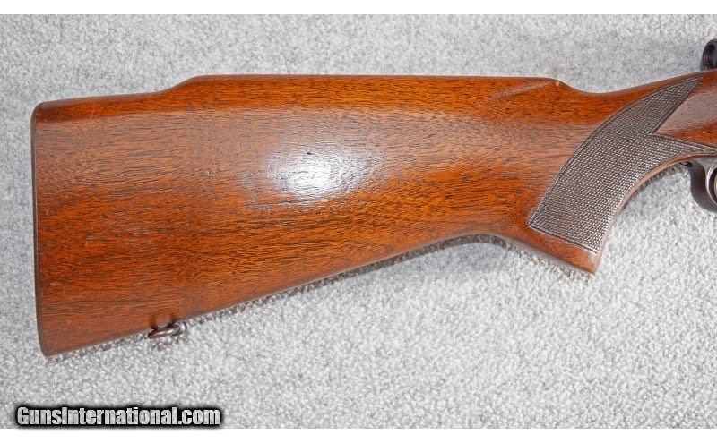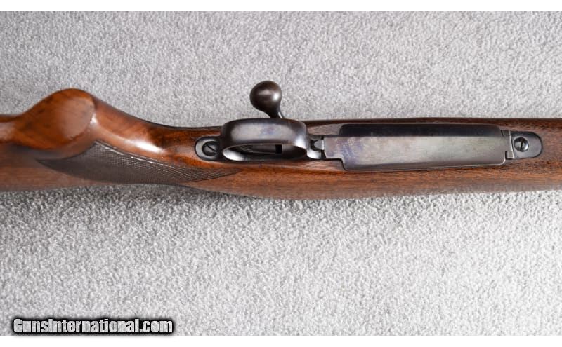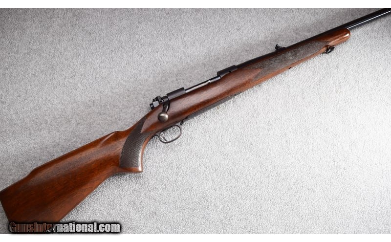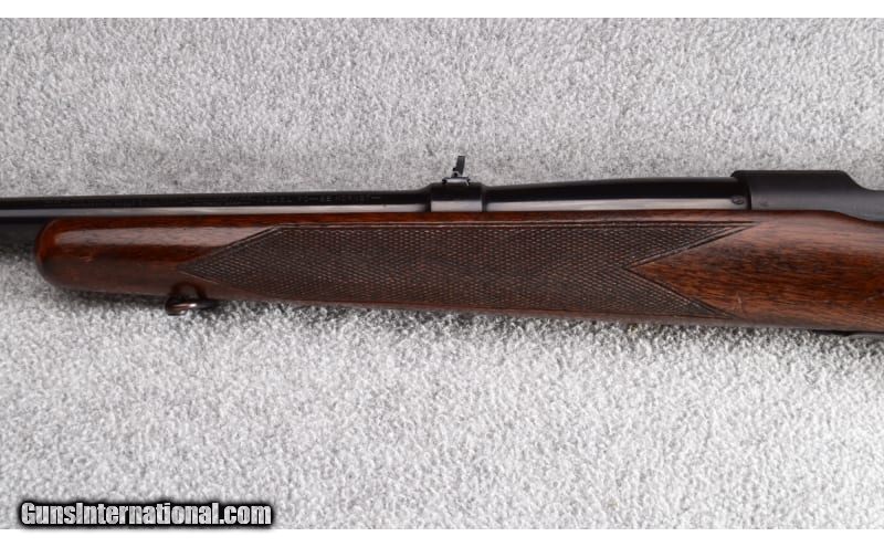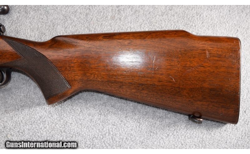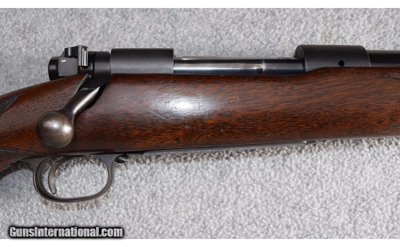 Description: This Winchester Model 70 was manufactured in 1952 and remains in excellent overall condition. Wood is solid with a few light use marks and scratches with a few light areas of flaking finish. Original blue is very good with some marks on floorplate and trigger-guard from age and use and some blue loss on bolt knob. Top of receiver is drilled and tapped with some residue left from scope mount fixative. This is a Controlled Round Feed gun with an excellent bore. Sling swivels remain in place. No box. Still a very nice gun in desirable .22 Hornet caliber! .22 Hornet SOLD Curio/Relic: Yes Metal Condition: Very Good Wood Condition: Very Good Bore Condition: Excellent Barrels: 24 Triggers: Factory Stock Dimensions: 13 3/4" LOP Fore End: Checkered Walnut Semi Pistol Grip - Checkered Walnut Forend Butt Pad: Checkered Metal Butt Plate Weight: 8 1/2 lbs Sights: Hooded Post & Bead Front - Folding V Notch Rear Item Location: Wheeling |
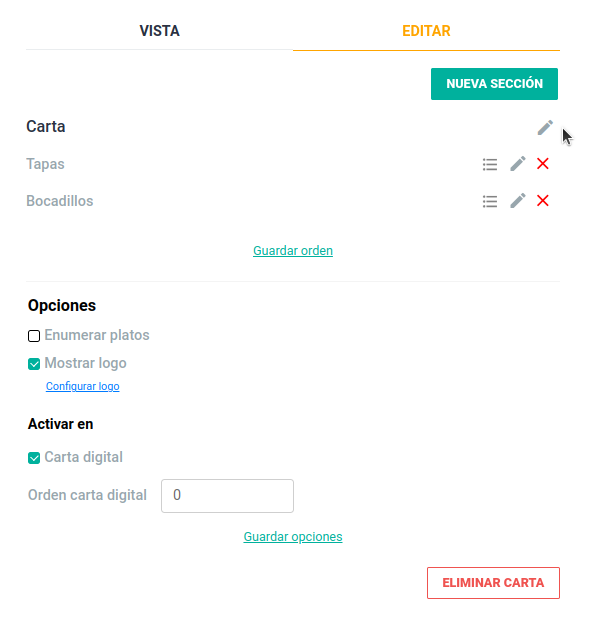 Si desea agregar nuevas secciones en la carta, haga clic en el botón “nueva sección” ubicado en la parte superior del panel derecho. Asigne un nombre a la nueva sección y agregue los platos deseados. Y seguir los pasos del punto 6.
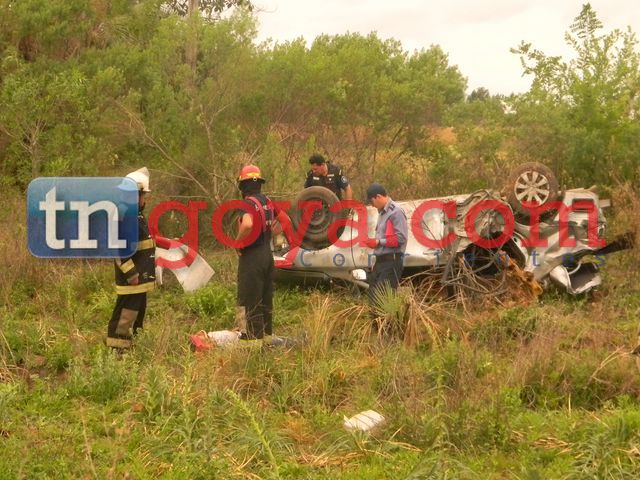 Colisión despiste y vuelco de dos automóviles en la Zona Rural de Goya

» PROBLEM DETAILS: The answer must be the full listing retyped exactly, with no pictures in it.

» TASK RESULT:
 Description: This Winchester Model 70 was manufactured in 1952 and remains in excellent overall condition. Wood is solid with a few light use marks and scratches with a few light areas of flaking finish. Original blue is very good with some marks on floorplate and trigger-guard from age and use and some blue loss on bolt knob. Top of receiver is drilled and tapped with some residue left from scope mount fixative. This is a Controlled Round Feed gun with an excellent bore. Sling swivels remain in place. No box. Still a very nice gun in desirable .22 Hornet caliber! .22 Hornet SOLD Curio/Relic: Yes Metal Condition: Very Good Wood Condition: Very Good Bore Condition: Excellent Barrels: 24 Triggers: Factory Stock Dimensions: 13 3/4" LOP Fore End: Checkered Walnut Semi Pistol Grip - Checkered Walnut Forend Butt Pad: Checkered Metal Butt Plate Weight: 8 1/2 lbs Sights: Hooded Post & Bead Front - Folding V Notch Rear Item Location: Wheeling |
 Si desea agregar nuevas secciones en la carta, haga clic en el botón “nueva sección” ubicado en la parte superior del panel derecho. Asigne un nombre a la nueva sección y agregue los platos deseados. Y seguir los pasos del punto 6.
 Colisión despiste y vuelco de dos automóviles en la Zona Rural de Goya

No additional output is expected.